The Repository @ St. Cloud State

Open Access Knowledge and Scholarship

Date of Award


Culminating Project Type

Starred Paper

Degree Name

Information Assurance: M.S.


Information Assurance and Information Systems


Herberger School of Business

First Advisor

Dennis Guster

Second Advisor

Susantha Herath

Third Advisor

Balasubramanian Kasi

Creative Commons License

Creative Commons License
This work is licensed under a Creative Commons Attribution-Noncommercial-No Derivative Works 4.0 License.


The exponential development of data initially exhibited difficulties for prominent organizations, for example, Google, Yahoo, Amazon, Microsoft, Facebook, Twitter and so forth. The size of the information that needs to be handled by cloud applications is developing significantly quicker than storage capacity. This development requires new systems for managing and breaking down data. The term "Big Data" is used to address large volumes of unstructured (or semi-structured) and structured data that gets created from different applications, messages, weblogs, and online networking.

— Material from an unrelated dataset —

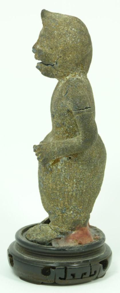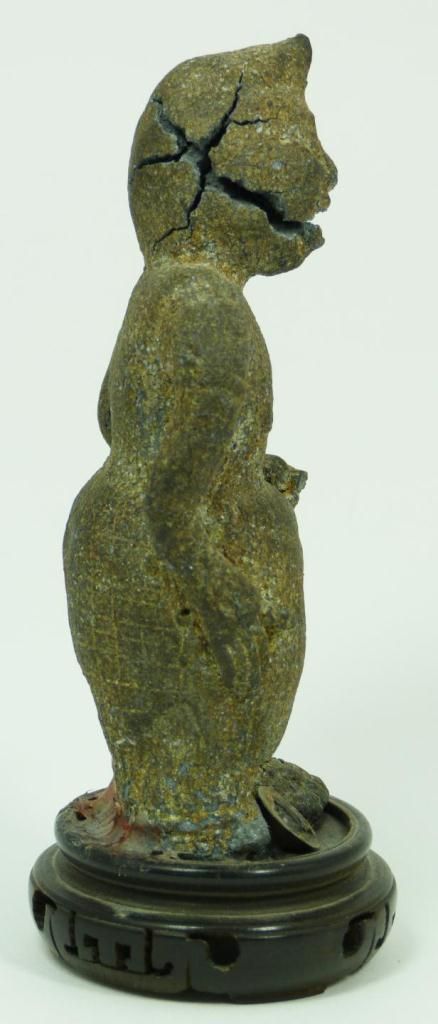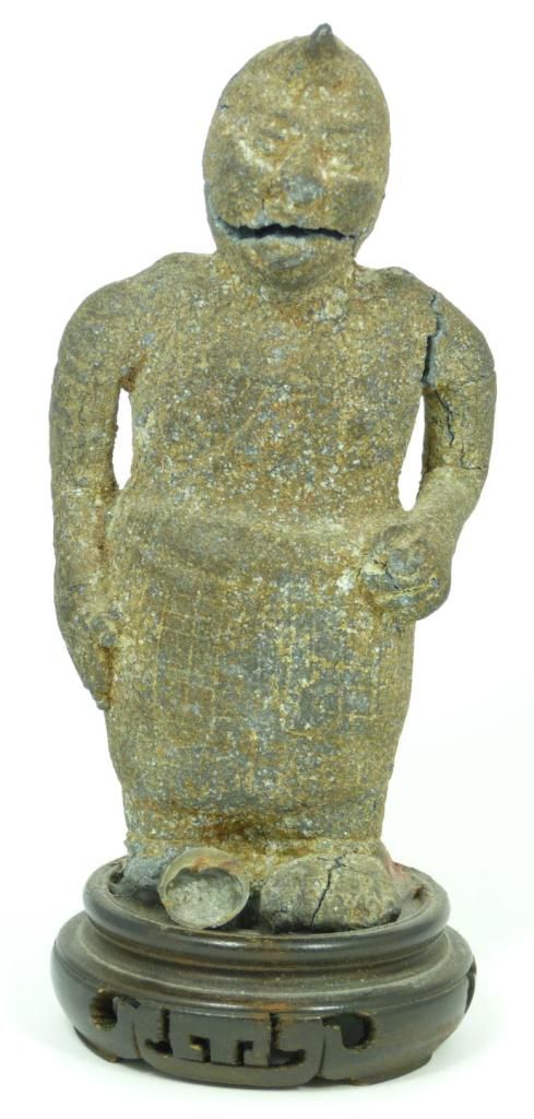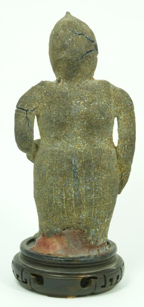 A Chinese Han Dynasty Dian Culture stone warrior figure. Measures 6" height + 7/8" base height (15.2cm + 2.2cm). Total weight of 493 grams.

Big Data is data whose size, variety and uncertainty require new supplementary models, procedures, algorithms, and research to manage and extract value and concealed learning from it. To process more information efficiently and skillfully, for analysis parallelism is utilized. To deal with the unstructured and semi-structured information NoSQL database has been presented. Hadoop better serves the Big Data analysis requirements. It is intended to scale up starting from a single server to a large cluster of machines, which has a high level of adaptation to internal failure.

Many business and research institutes such as Facebook, Yahoo, Google, and so on had an expanding need to import, store, and analyze dynamic semi-structured data and its metadata. Also, significant development of semi-structured data inside expansive web-based organizations has prompted the formation of NoSQL data collections for flexible sorting and MapReduce for adaptable parallel analysis. They assessed, used and altered Hadoop, the most popular open source execution of MapReduce, for tending to the necessities of various valid analytics problems. These institutes are also utilizing MongoDB, and a report situated NoSQL store. In any case, there is a limited comprehension of the execution trade-offs of using these two innovations. This paper assesses the execution, versatility, and adaptation to an internal failure of utilizing MongoDB and Hadoop, towards the objective of recognizing the correct programming condition for logical data analytics and research. Lately, an expanding number of organizations have developed diverse, distinctive kinds of non-relational databases (such as MongoDB, Cassandra, Hypertable, HBase/ Hadoop, CouchDB and so on), generally referred to as NoSQL databases. The enormous amount of information generated requires an effective system to analyze the data in various scenarios, under various breaking points. In this paper, the objective is to find the break-even point of both Hadoop/Pig and MongoDB and develop a robust environment for data analytics.